On Earth Day David Schreiner from 100Resilientcities focus his attention on what individuals can do to reduce their negative impact on the planet and protect the environment by changing their habits.
By 2050 – as the Stockholm Resilience Centre said in this report – two-thirds of the world’s population will live in cities. Despite being over 40 years old, Earth Day – celebrated on April 22 – and its emphasis on an individual’s impact are still relevant to city dwellers today. Cities and the actions of the people who live in them have a significant impact on the health of the environment, both beneficial and harmful. Cities are changing local and global weather patterns, the latter due to the heat island effect, and are producing most of the world’s waste and pollution. But cities, especially denser cities, promise a number of environmental benefits, including lower carbon emissions and decreasing the need for developments on existing greenspace.
Cities themselves are not removed from the global environment. Climate change trends have an obvious and dramatic impact on cities, and the natural environment is an intrinsic, positive aspect of urban life. For example, Cities are even homes to animals many think of as wild.
When cities prioritize the environment in their resilience building efforts, it can have a variety of benefits. For example, many cities are planting more trees and installing more green space to improve quality of life. Melbourne is already implementing a plan to reduce temperatures in the city with policies like planting more trees, improving water management to keep rainwater in and under the city, and changing the way streets and public space are designed.

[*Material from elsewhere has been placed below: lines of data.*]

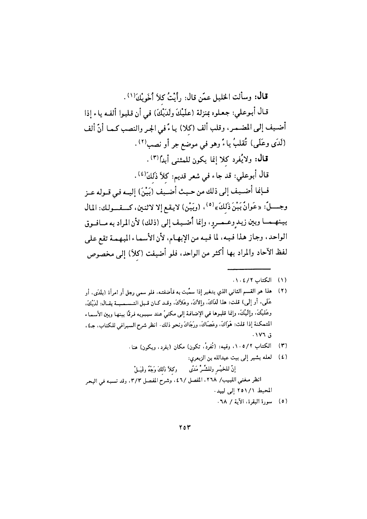 قال: وسألت الخليل عمّن قال: رأيتُ كِلا أخَوَيْكَ.
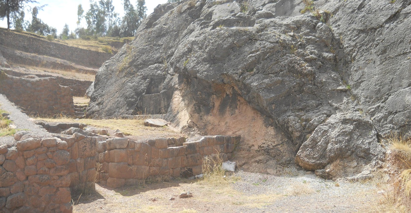Area of the rock of stairs "Chinchana grande": perfect Inca wall with curvy niche, panorama
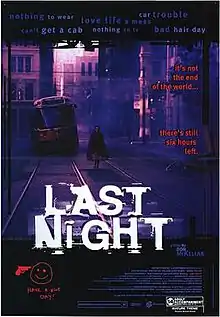 Last Night is a 1998 Canadian apocalyptic black comedy-drama film directed by Don McKellar and starring McKellar, Sandra Oh and Callum Keith Rennie. It was produced as part of the French film project 2000, Seen By.... McKellar wrote the screenplay about how ordinary people would react to an unstated imminent global catastrophic event. Set in Toronto, Ontario, the film was made and released when many were concerned about the Year 2000 problem.
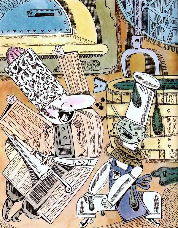 — Какой же это мёд! — закричал Бом Штекс. — Это дёготь. Вот мёд! — и он схватил вторую кадушку и поднял вверх. Но у него на глазах мёд внезапно превратился в дёготь. От неожиданности Бом Штекс пошатнулся, выпустил кадушку из рук, и дёготь полился ему на голову.
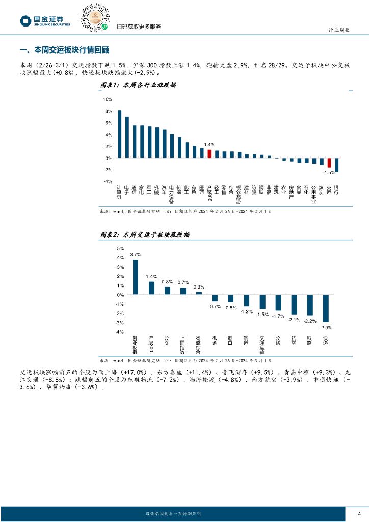 国金证券:交通运输仓储行业周报:中通快递纳入港股通,BDI周环比增长18%.pdf
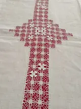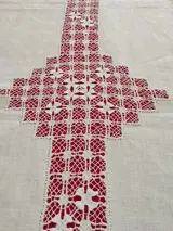 Mooi en groot tafelkleed met kant en borduursels.
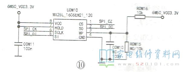 (7)SPI FLASH 电路UOM10是一款16Mbit串行FLASH,用于存储6M50的引导程序,其电路如图10所示。①脚为片选控制输入,②脚为串行数据输入/输出,③脚为写保护控制,④脚为接地,⑤脚为串行数据输入输出,⑥脚为时钟输入,⑦脚为暂停控制,⑧脚为供电。
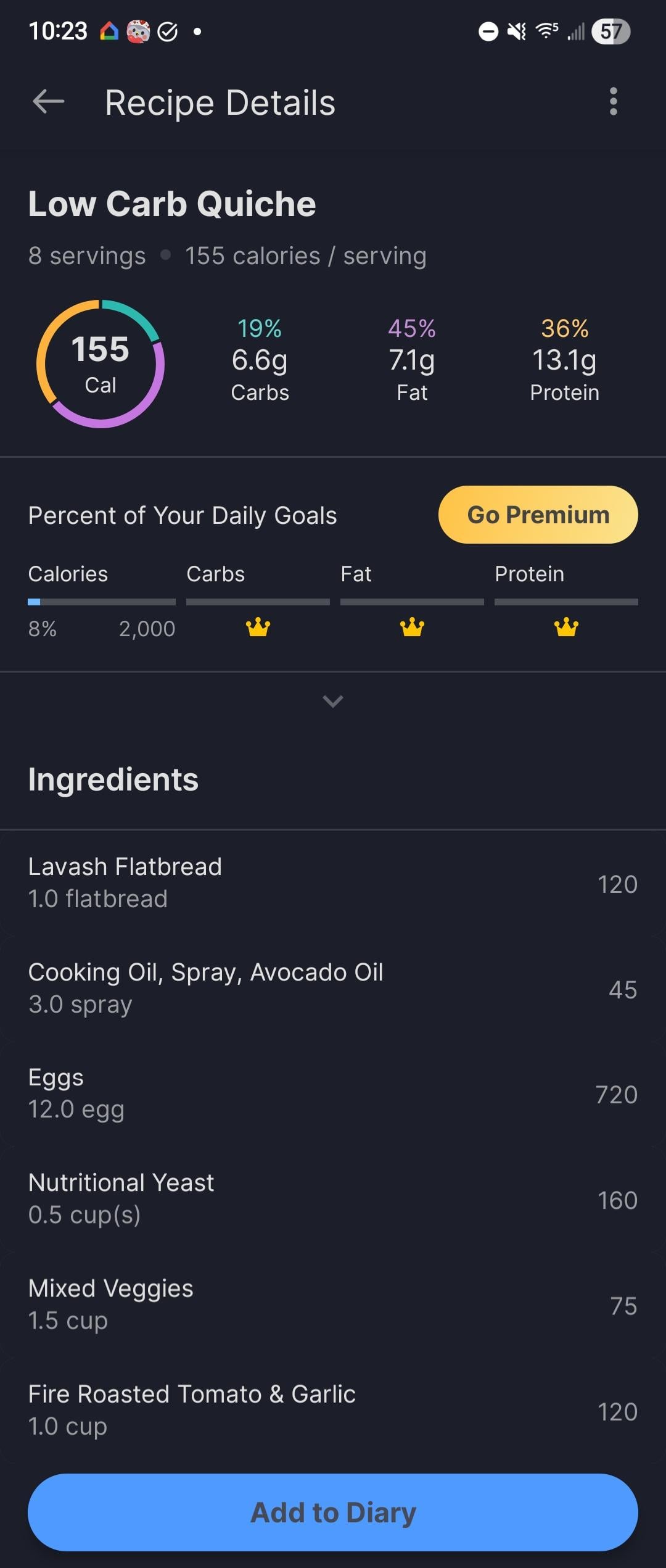 Attached is what my breakfast looked like and my macros were perfect when I had two slices of the quiche along with my normal oats and soy milk. My highest calorie meal is always breakfast, then I have a light snacky-ish lunch and a medium-ish dinner and I'm still in a deficit by the end of the day and my stomach is empty by bed time, which is what you want for optimal digestion.
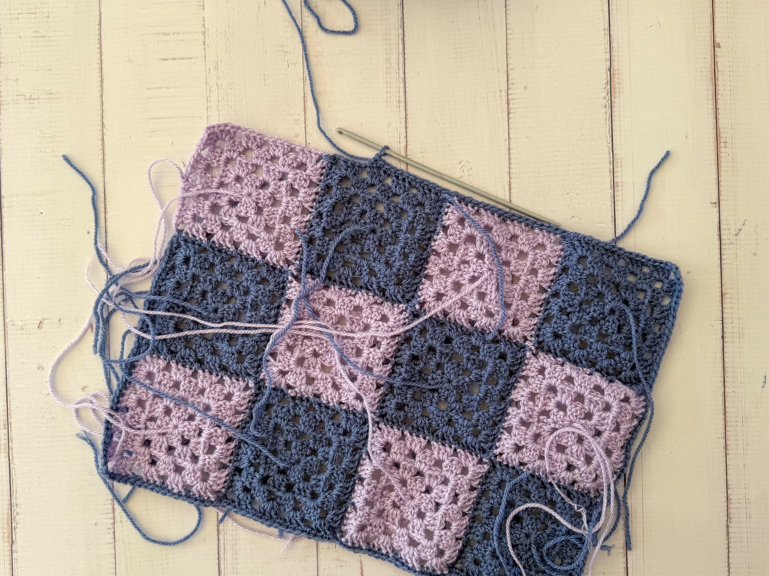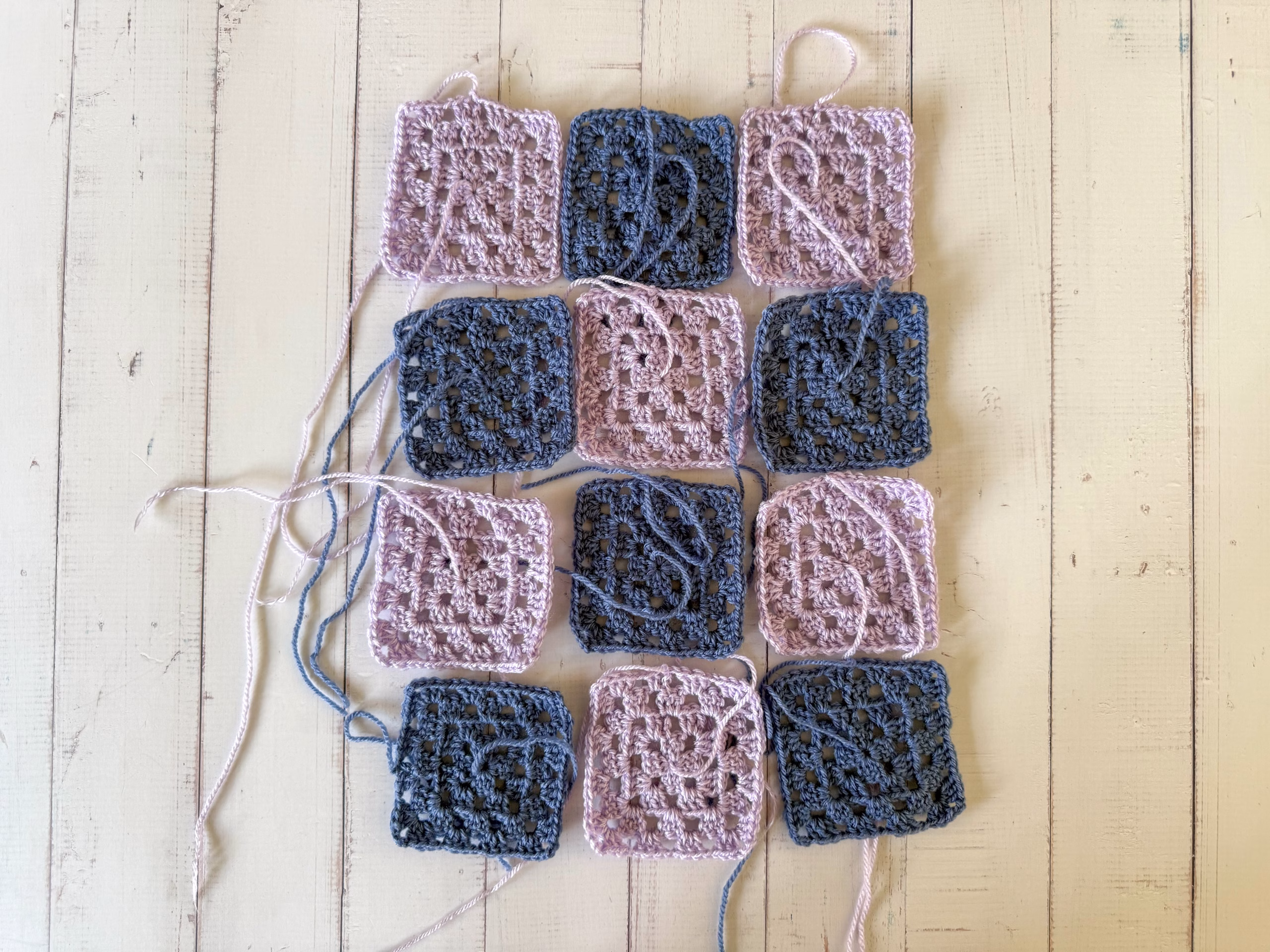 Prenez vos materiel et commencez par crocheter 12 carrés grannies avec 4 rangs de brides. Pour faire le motif en damier, faites 6 carrés dans un coloris et 6 dans un autre.

In each of these examples, cities consider their inhabitants and ask them to do things differently – protect green spaces, participate in a range of heat-reducing activities – and to benefit from these changes at the same time, all to the benefit of the urban and the global environment. Earth Day was founded to raise public consciousness about how human decisions impact the environment. Cities are one of the biggest conduits of those decisions. Earth Day is a perfect opportunity to drive home how urbanites can integrate being mindful of the environment into their daily lives and make a difference in their city and the world.